A method for in situ solution mining of trona in which an aqueous solvent dissolves trona and forms a brine, which comprises: applying a hydraulic pressure greater than the overburden pressure at an interface between trona roof and overburden to lithologically displace the overburden from the trona roof and form a gap; flowing a liquid settable and/or sealing composition into such interface gap and allowing such composition to solidify inside such gap to form a water-impermeable and optionally gas-impermeable barrier inside. This technique should limit contamination from the overburden; should seal or plug fractures transversing the trona roof; should prevent water infiltration from overburden; and/or should minimize gas migration into the overburden from the cavity.
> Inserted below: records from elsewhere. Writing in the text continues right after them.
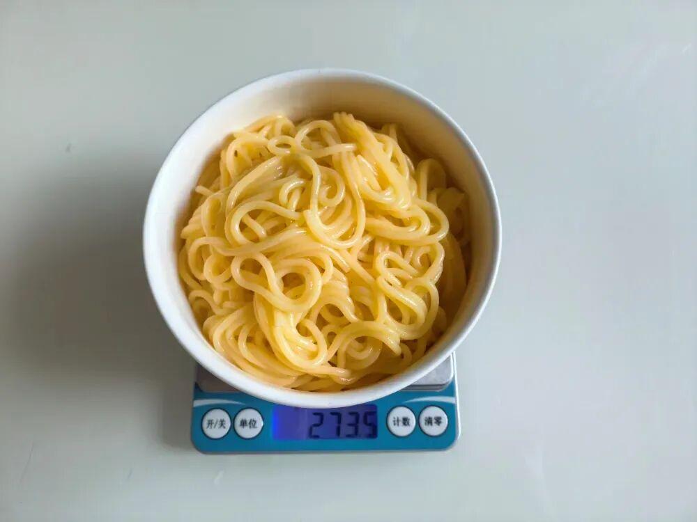 圖:100 克幹玉米麪條煮熟後約 270 克,自己煮的+自己拍的
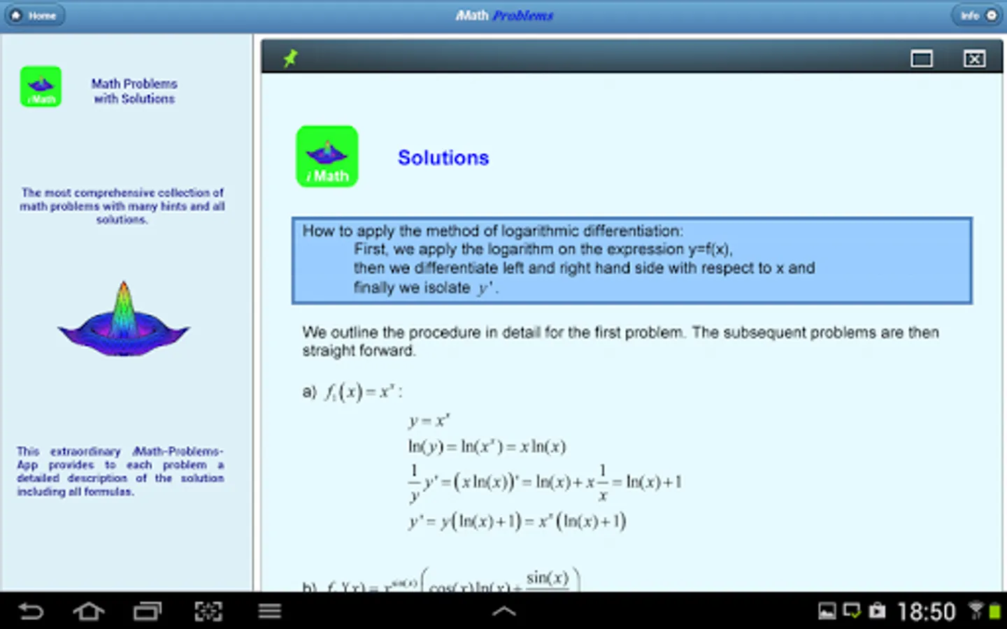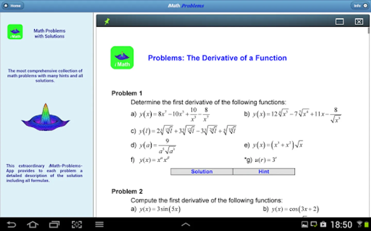 iMath is the most comprehensive collection of mathematical problems with many hints and all detailed solutions. This educational math app can be used excellently from students for their exam preparation and for self-studies.
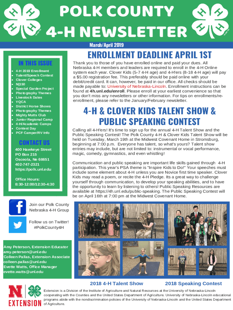 POLK COUNTY 4H NEWSLETTER March/April 2019IN THIS ISSUEENROLLMENT DEADLINE APRIL 1STThank you to those of you have enrolled online and paid your dues. All Nebraska 4H members and leaders are required

The lithological displacement whereby the interface gap is formed may be carried out at the same time as the composition is flowed inside the gap being formed.

Claims

exact text as granted — not AI-modified
1 . In an underground formation containing a trona stratum comprising sodium sesquicarbonate lying above one or more substantially-insoluble strata containing water-soluble contaminants selected from the group consisting of chloride, sulfate, and water-soluble organics, said trona stratum comprising an ore roof with a parting upper interface above which is defined an overburden up to the ground and below which an aqueous solvent is to injected in a cavity to dissolve trona and to form a brine which is recovered at least in part at the ground surface,
 a method for minimizing brine contamination from overburden during in situ trona solution mining of a cavity formed in the trona stratum, comprising:   (a) applying a hydraulic pressure which is greater than the overburden pressure at the upper interface to lithologically displace the overburden from the trona ore roof, thereby forming an interface gap;   (b) flowing a composition selected from the group consisting of a liquid settable composition, a sealing agent, and combinations thereof, into the upper interface gap; and   (c) allowing such composition to stay for a time sufficient to form a barrier inside said upper interface gap, said barrier being water-impermeable and optionally gas-impermeable.   
     
     
         2 . The method according to any of the preceding claims, wherein the steps (a) and (b) are performed at the same time by injecting said composition to apply said hydraulic pressure at the upper interface and for its flowing into said upper interface gap. 
     
     
         3 . The method according to  claim 1 , wherein step (b) is carried out by injection of said composition via a vertical well which is drilled from the ground surface through the trona stratum and past the floor of the trona bed, and wherein the vertical well is cased and cemented through its entire length, but comprises an in situ injection zone being in fluid communication with the upper interface, said in situ injection zone of said vertical well comprising a downhole end opening and/or casing perforations. 
     
     
         4 . The method according to  claim 1 , wherein the hydraulic pressure is applied in step (a) by using a fracture gradient between 0.95 psi/ft and 1.5 psi/ft, preferably between 1 psi/ft and 1.3 psi/ft, more preferably between 1.05 psi/ft and 1.15 psi/ft; and wherein the hydraulic pressure in step (b) is maintained to the hydraulic pressure used in step (a) when steps (a) and (b) are not carried out simultaneously.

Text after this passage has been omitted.